Ecosystem services in a changing climate: assessing critical services in Bangladesh rice production landscapes

PI: Md Panna Ali,, Bangladesh Rice Research Institute (BRRI)
U.S. Partner: Douglas A. Landis, Michigan State University
Project dates: December 2017 - November 2020

Project Overview:

Rice contributes more than 80% of the total food supply in Bangladesh, including 76% of daily caloric intake and 66% of total protein requirements (Brolley 2015; Bhuiyan et al. 2002). The coastal region of Bangladesh, which covers 20% of the country and more than 30% of the cultivable land and contributes 16% of the total rice production, is the most vulnerable region to climate change (Minar et al. 2013). Moreover, due to increasingly variable rainfall leading to a reduction in freshwater flows, about 53% of the coastal areas are experiencing salinity intrusions that restrict crop production (Rahman 2012). As a consequence, rice productivity in this area is 70% lower than the national average. In this project, Dr. Ali and his colleagues will quantify the potential impacts of changing conditions on ecosystem services by quantitatively determining the impact of climate variability on the provision of four key ecosystem services: carbon sequestration, pest suppression, water supply, and rice production. They will use spatially explicit models to project future patterns of terrestrial ecosystems and the production and values of ecosystem services. The scientific understanding of the links between climate, ecosystems, and economic value is still unknown or poorly developed for Bangladesh. Therefore, this collaborative research effort involving U.S. experts focused on developing models and estimating the impacts of changing conditions on ecosystem services in Bangladesh will be an important tool for reversing current and future losses in the economic value of Bangladesh’s natural ecosystems.

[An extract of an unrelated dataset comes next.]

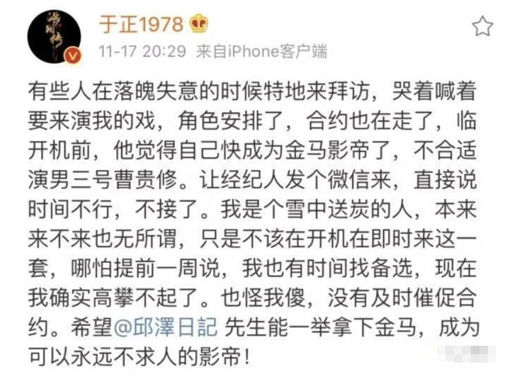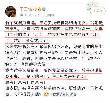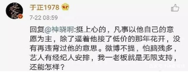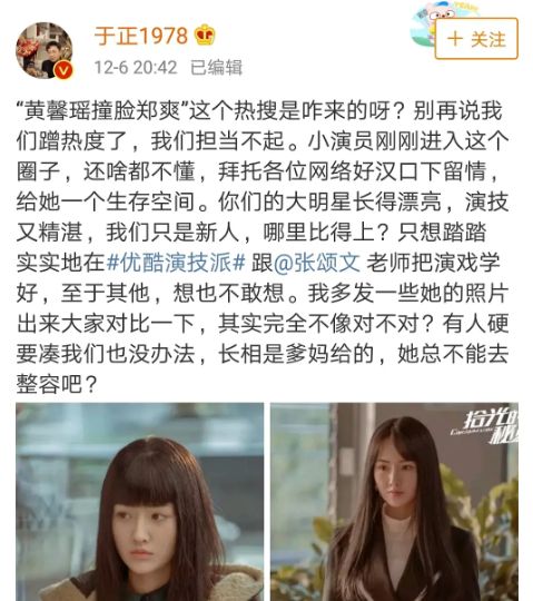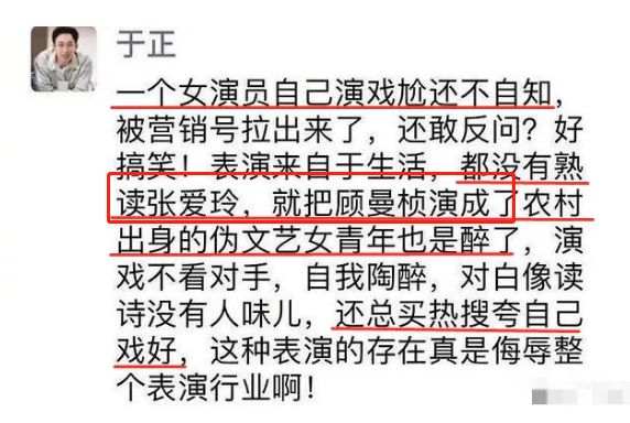 前两天,张檬恋情被扒,于妈又写了一篇小作文《茉莉》,怎么看都是和张檬联合洗白+炒作。 果不其然,热搜后,于正新戏猝不及防官宣定档。 靠着抄袭还能在娱乐圈混得风生水起,于妈是有几把刷子的。对旗下艺人,一方面真的护犊子,另一方面真的招黑,让粉丝又爱又恨。 在《宫2》播出时,袁姗姗正是被拿来跟杨幂比较时,于正表示袁姗姗比较像孙俪,是清新大气的稀缺花旦脸。 还说袁姗姗不演配角,不客串戏,只做女一。当年的范冰冰是怎么样的,现在的袁姗姗就是怎么样的。闭眼吹抬高演员身价,妥妥给袁姗姗招了一波黑。 《延禧攻略》吴谨言大火的时候,于正夸赞:她太漂亮了,所以我把她眉毛剃了,她是魏璎珞的首选,我没有考虑过任何其他人。太漂亮所以把眉毛剃了? 华鼎奖给魏璎珞颁奖,于妈很激动,说:“我这一生会捧出一个时代的巨星,这是我来这个世上的责任”…… 为了维护吴谨言,还和陈晓的粉丝开撕。称自己拼尽全力把一个素人变成明星,改变了陈晓的命运,甚至四亿投资的女主都按照他喜欢的标准来找,还逼迫陈晓接下嫌弃报酬低的《那年花开月正圆》。 而且气不过的于正还晒出了聊天记录,现在做的不就是在坑陈晓吗? 对于新人,于正自有“强捧法”。喜欢贴着别人炒作,俗称拉踩,不点名半点名的拖人下水,宣传他的作品和新人。 有次于正说自己新写了一个故事《缘》,要拍成剧,男女主都是明星,二人因戏生情,结果女主越来越红,男的却停在了原地,二人最后各自结婚,但是男主还爱着女主。 于正说这个故事是真的,吃瓜网友都在猜是赵丽颖和陈晓。于妈自己也很会,他曾经用“燃”形容过赵丽颖,所以应该是颖晓CP没跑了。 在舆论发酵的差不多的时候,于正又发文回应称“写的时候没想到那二位”,解释取材的真实故事不是大家猜测的那样。秒删之后,再来个是网友脑洞太大,牵强附会的解释。最重要的是,还不忘圈出来自家艺人的微博ID,为了捧新人,于妈也太煞费苦心了。 上了热搜之后,赵丽颖陈晓俩人抬桥,营销号配图全是于正自己手下要捧这位女演员张南,于正真是个妙人。 还有一次,于正曝旗下一个38线开外的艺人被前女友恐吓,前女友扬言:“不复合就要搞死他”,这位艺人很快被扒出来叫赵弈钦。 于正后来又晒出了赵弈钦给前女友的转账记录,还搜集到一些女方放贷等黑料,中途还和疑似该女生的微博互怼。 最后这件事不了了之,但最终的结果是,这位38线艺人赵弈钦借着热搜混了个脸熟。 自家艺人撞脸郑爽上了热搜,不仅趁机安利一波,还内涵郑爽整容。 于正的自我修养就是蹭热度,疯狂给自己加戏。李嘉欣来参演于正的作品,本来大美人出演,大家都会夸一波,结果被于正各种拉踩+咖位*100一波骚操作,搞的大家都去嘲李嘉欣。屈楚萧事件发酵之时,于正一副苦口婆心侃侃而谈的姿态,#于正要求演员参加剧本围读# 还上热搜。 然后于正晒出第一次剧本围读的图片,原来也是为新剧预热炒作啊。 在金马奖颁奖典礼进行时,于正大爆和邱泽的往事,说自己雪中送炭,邱泽忘恩负义,顺势拿下热搜第一。 马思纯演技被嘲,于正又自曝某女演员要他看自己的新戏,他看完后指出女演员演技烂,女演员气得把电影票钱退给他,就再没有然后了。 之后他朋友圈截图也流出,这说的就是马思纯啊。 但热搜后于妈又又又不认账了,说跟你们想的那个人无关,不愿意连累无辜的人。 还有一次,宁静怒怼某演员上了一波热搜。在这么大的一个乌龙事件里,忙的又是评论又是发博的于正,跳的那叫一个欢,让不少无辜的明星卷入其中。 到头来于正一句“我把事情说清楚”就完事了,还摆出一副正义凛然的样子表示自己不炒作,怪吃瓜群众唯恐天下不乱,可全程嘴最碎的不就是戏精您本人嘛? 到头来不就是想让人知道,于正签下了宁静嘛。 《凤囚凰》的时候说要用米热,之后没选上,又发了和朱一龙的照片,说他可能会是主角,最后主角是宋威龙。 不叫张萌叫耀客老板娘,不叫江一燕叫蛋糕店老板娘。 总的来说,在于妈的娱乐圈生涯中,吃什么都行就是不能吃亏,什么都能放过就是不能放过每一个可以蹭的热度。作为一个编剧,简直比二三线明星还能折腾。 于妈能抄袭、碰瓷、瞎编,最大的本事还是炒作,炒得前无古人,后无来者,就不能踏踏实实的做编剧吗?当然这是不可能的,八卦可能会迟到,但于正不会。 |

The area where the project will be conducted is characterized by lower rice productivity due to limited ecosystem services. Therefore, identification of the ecosystem services that induce lower rice production and those that are predicted to be most vulnerable to environmental change in the future is a critical component of enhancing productivity in the region. In this project, the research team will analyze environmental impacts on crop production systems and suggest appropriate coping strategies and adaptation options for improving coastal agriculture, both for increased agricultural production and for better livelihoods for the vulnerable farming community. As a whole, this project will not only provide the scientific community with evidence to overcome anecdotal information, a hindrance to effective ecosystem service monitoring and management, but also aid sustainable ecosystem management implementation and policy interventions.